Nach Darstellung der Ermittler soll der Verdächtige über mehrere Monate hinweg mit Führungsoffizieren des iranischen Nachrichtendienstes kommuniziert und verschiedene Aufträge ausgeführt haben, darunter das Fotografieren und Filmen sicherheitsrelevanter Anlagen. Für jede Mission habe er Beträge zwischen mehreren Dutzend und einigen Hundert Dollar erhalten. Ein leitender Ermittler der Jerusalemer Polizei erklärte, in den vergangenen Monaten seien mehrere Personen wegen Spionage für den Feind enttarnt worden, einige hätten ihre Taten während des Krieges begangen und so dem Feind geholfen, seine Pläne in Israel voranzutreiben. Nach Recherchen des Senders CNN Brasil handelt es sich um den ersten öffentlich bekannten Fall, in dem ein amerikanischer Staatsbürger in Israel unter einem solchen Verdacht inhaftiert wurde.

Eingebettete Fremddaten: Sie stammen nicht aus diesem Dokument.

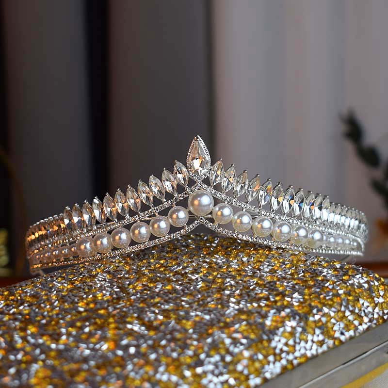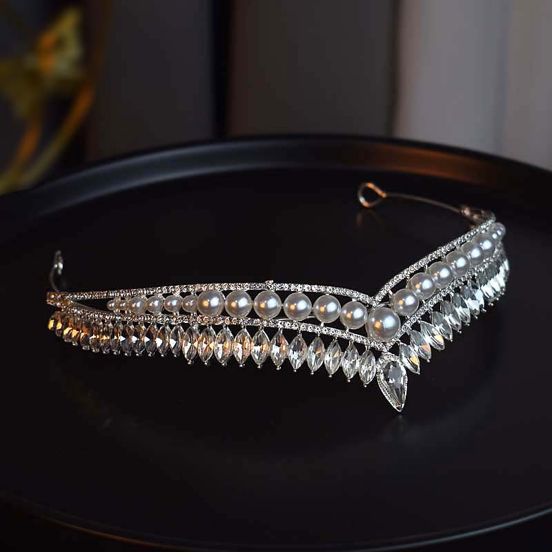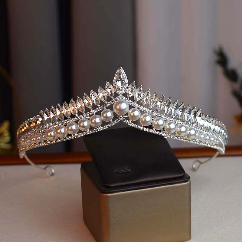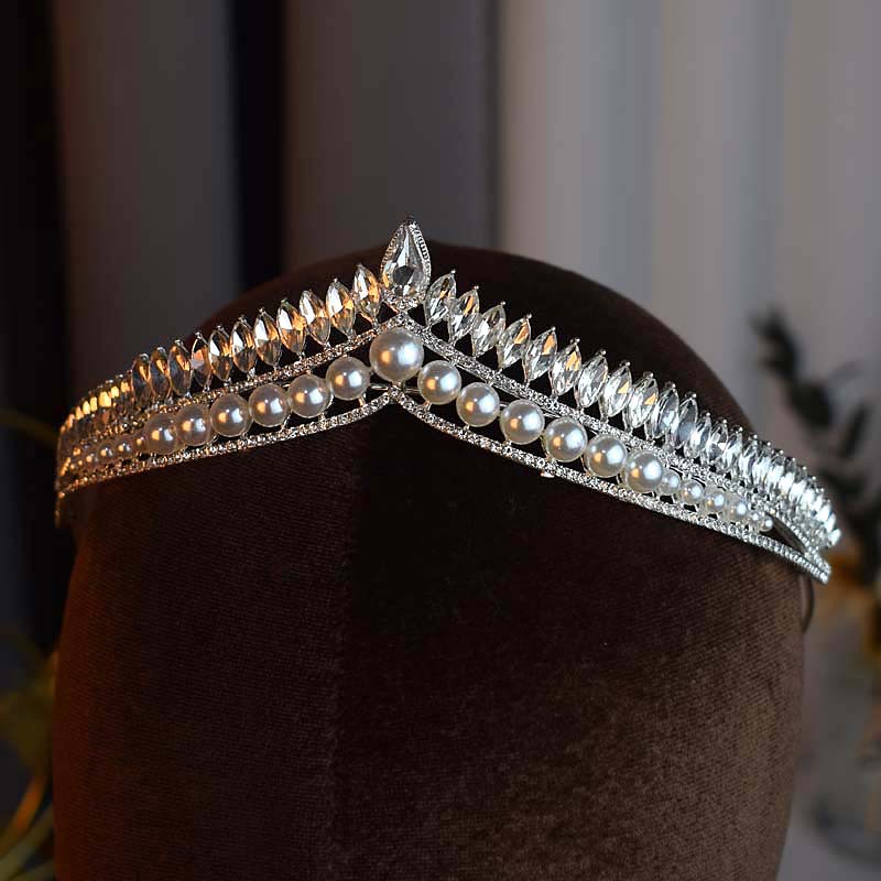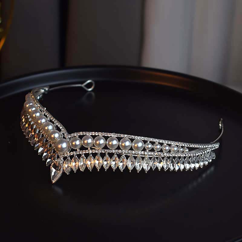 Crown Korean Rhinestone Headdress French Style Pearl Headband Bridal Crown Wedding Hair Accessories Birthday Princess Crown Temperament H2833

Der Fall reiht sich in eine Serie von Ermittlungen ein, die aus israelischer Sicht eine deutliche Zunahme iranischer Anwerbeversuche belegen. Laut dem Jahresbericht des Schin Bet für 2025 wurden im vergangenen Jahr 25 Personen wegen Spionage für Iran angeklagt und 120 mutmaßliche Vorfälle vereitelt – ein sprunghafter Anstieg gegenüber dem Vorjahr. Israelische Staatsanwälte hatten in früheren Verfahren darauf hingewiesen, dass mehrere der von mutmaßlichen Rekruten ausgespähten Orte später Ziel iranischer Raketenangriffe wurden. Teheran hat sich zu den aktuellen Vorwürfen bislang nicht geäußert.
Die Untersuchungshaft des Verdächtigen wurde während der Ermittlungen mehrfach gerichtlich verlängert. Nach Abschluss der polizeilichen Untersuchung und der Vorlage einer Beweismittelgrundlage reichte die Staatsanwaltschaft eine Absichtserklärung zur Anklageerhebung ein. In den kommenden Tagen wird mit der formellen Anklage sowie einem Antrag auf Haftfortdauer bis zum Verfahrensende gerechnet. Eine Stellungnahme der US-Botschaft in Israel lag zunächst nicht vor.
Wie dieselbe Geschichte anderswo erzählt wird.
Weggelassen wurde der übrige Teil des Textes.